As these scenes continue to play on, they build upon each other until all the various characters are assembled in one giant shot, posed for a picture against a backdrop of a huge mackerel. The photographer, from act one snaps a photo of the menagerie and then is silently wheeled off  the stage, rigid and unchanging in their posture. 

It’s a beautifully eerie high point. 

Unfortunately, the show then slips from that high and never seems to return to quite the same level. From then on, Hausswolff once again comes in multiple times to sing a reminder that it’s all a dream, one way the ballet fully discards the guise that it’s about Midsommer at all. The whole company is stripped to only nude-colored undergarments, and any remnant of the festival theming is replaced instead by a sign in the corner that reads “theater dream” in all capital lettering.

The rest of the dances are more standard nonlinear interpretive ballet and continue to peteron until the end of the show, which repeated the same opening with the protagonist waking up in bed and being led behind a curtain. 

Every aspect of the ballet is well executed, but it doesn’t build one cohesive experience. The singer’s voice has a beautiful siren-like quality to it, but she sings the same song four or five times to remind the audience that this is a dream. The dancing is perfectly choreographed and incredibly captivating. (especially in the festival section of the first act and the opening scene of the second act) but it doesn’t tie together to form any kind of story or deeper meaning beyond the theme of a dream. 
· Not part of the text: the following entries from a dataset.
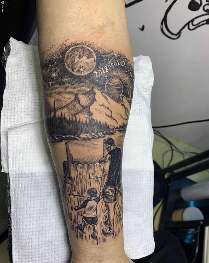 当前位置: 首页 >广东省广州市纹身店-覺者刺青纹身图案>父爱如山纹身图片_手臂欧美写实纹身图案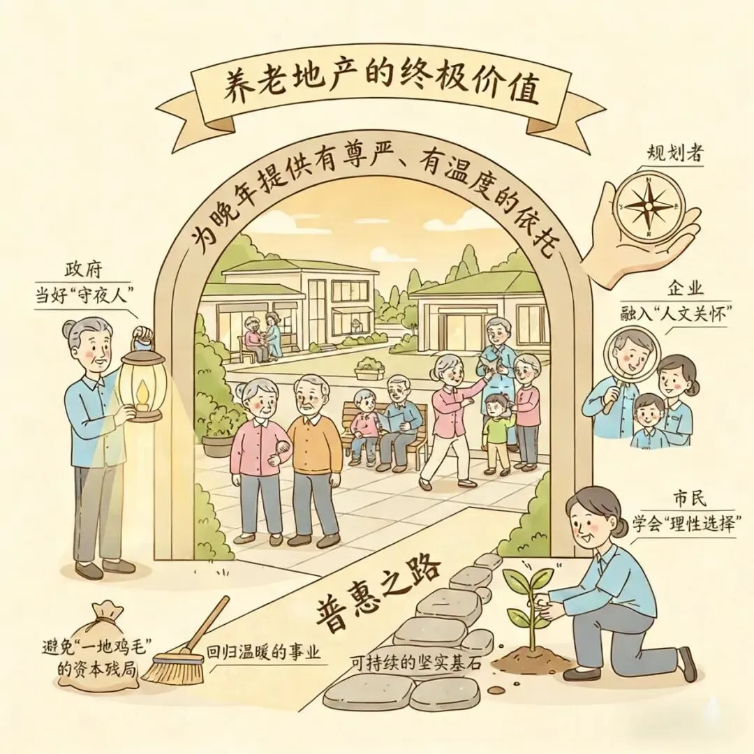 养老地产的终极价值,在于为生命的晚年提供有尊严、有温度的依托。它不应是一场资本的冒险,而应是一项温暖的事业。当各方凝聚共识、相向而行,我们就能将“银发浪潮”的挑战,转化为提升社会福祉、促进经济高质量发展的重大机遇,真正托举起每个人安稳、体面的晚年。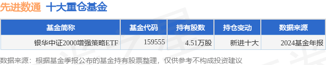 根据2024基金年报公募基金重仓股数据,重仓该股的公募基金共1家,其中持有数量最多的公募基金为银华中证2000增强策略ETF。银华中证2000增强策略ETF目前规模为0.61亿元,最新净值1.1825(2月28日),较上一交易日下跌3.43%,近一年上涨44.93%。该公募基金现任基金经理为张凯 张亦驰。张凯在任的基金产品包括:银华大数据灵活配置定开混合,管理时间为2016年4月7日至今,期间收益率为-15.8%;银华沪深300指数(LOF),管理时间为2018年3月7日至今,期间收益率为20.16%;银华深证100指数(LOF),管理时间为2019年8月29日至今,期间收益率为13.55%;银华新能源新材料A,管理时间为2021年9月28日至今,期间收益率为-45.61%。张亦驰在任的基金产品包括:银华华证ESG领先指数,管理时间为2021年11月23日至今,期间收益率为-7.4%;银华中证农业主题ETF,管理时间为2022年6月20日至今,期间收益率为-33.15%;银华中证影视主题ETF,管理时间为2022年6月20日至今,期间收益率为12.11%;银华中证内地地产主题ETF,管理时间为2022年11月21日至今,期间收益率为-33.89%。

Not to mention the complete bait-and-switch when one thinks about the title versus the performance itself. It may be that I’m harping on it too much, but why name your interpretive, loosely linear ballet after one of Shakespeare’s most famous plays when literally any other name was available to you? I feel that I wouldn’t have been so critical of the performance had I gone in with the proper expectations and yet in lieu of seeing a ballet adaption of the play, I got, well, that

The entire ballet seems to be comprised of almosts. It’s almost a story, except it completely discards any form of plot from the actual play once it passes the dinner table scene. It’s almost a classic ballet, except for random moments of dialogue which were more jarring than anything. It’s almost        Midsommer themed, except for the second act which barring the first sequence completely abandons any theme at all. 

All in all, the show was almost great.